WHAT THE TASK REQUIRES
Copy the listing in full and exactly, omitting its images.

DATASET EXTRACT
-- -- --

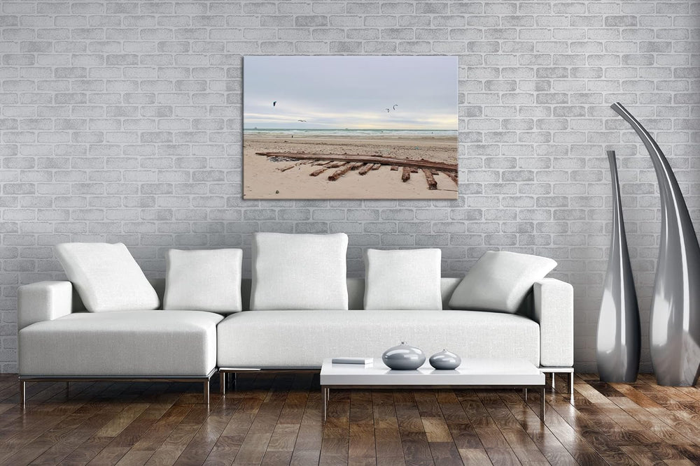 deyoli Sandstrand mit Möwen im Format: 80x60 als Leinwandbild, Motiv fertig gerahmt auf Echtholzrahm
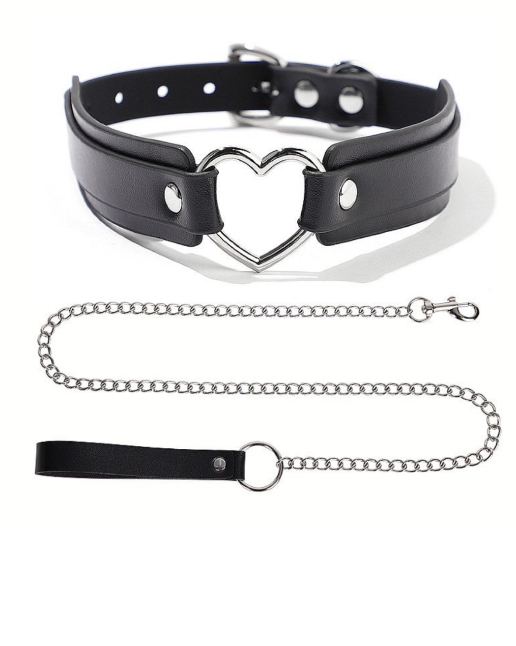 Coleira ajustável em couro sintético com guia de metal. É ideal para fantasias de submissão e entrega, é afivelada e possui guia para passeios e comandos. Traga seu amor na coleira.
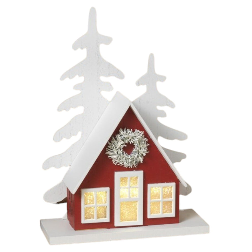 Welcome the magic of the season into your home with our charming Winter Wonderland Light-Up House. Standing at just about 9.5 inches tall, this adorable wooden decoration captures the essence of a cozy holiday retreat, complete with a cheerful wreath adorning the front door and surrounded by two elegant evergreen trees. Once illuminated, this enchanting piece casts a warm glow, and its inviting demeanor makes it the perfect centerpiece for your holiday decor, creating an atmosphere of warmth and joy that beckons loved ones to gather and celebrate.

-- -- --

TASK RESPONSE
 deyoli Sandstrand mit Möwen im Format: 80x60 als Leinwandbild, Motiv fertig gerahmt auf Echtholzrahm
 Coleira ajustável em couro sintético com guia de metal. É ideal para fantasias de submissão e entrega, é afivelada e possui guia para passeios e comandos. Traga seu amor na coleira.
 Welcome the magic of the season into your home with our charming Winter Wonderland Light-Up House. Standing at just about 9.5 inches tall, this adorable wooden decoration captures the essence of a cozy holiday retreat, complete with a cheerful wreath adorning the front door and surrounded by two elegant evergreen trees. Once illuminated, this enchanting piece casts a warm glow, and its inviting demeanor makes it the perfect centerpiece for your holiday decor, creating an atmosphere of warmth and joy that beckons loved ones to gather and celebrate.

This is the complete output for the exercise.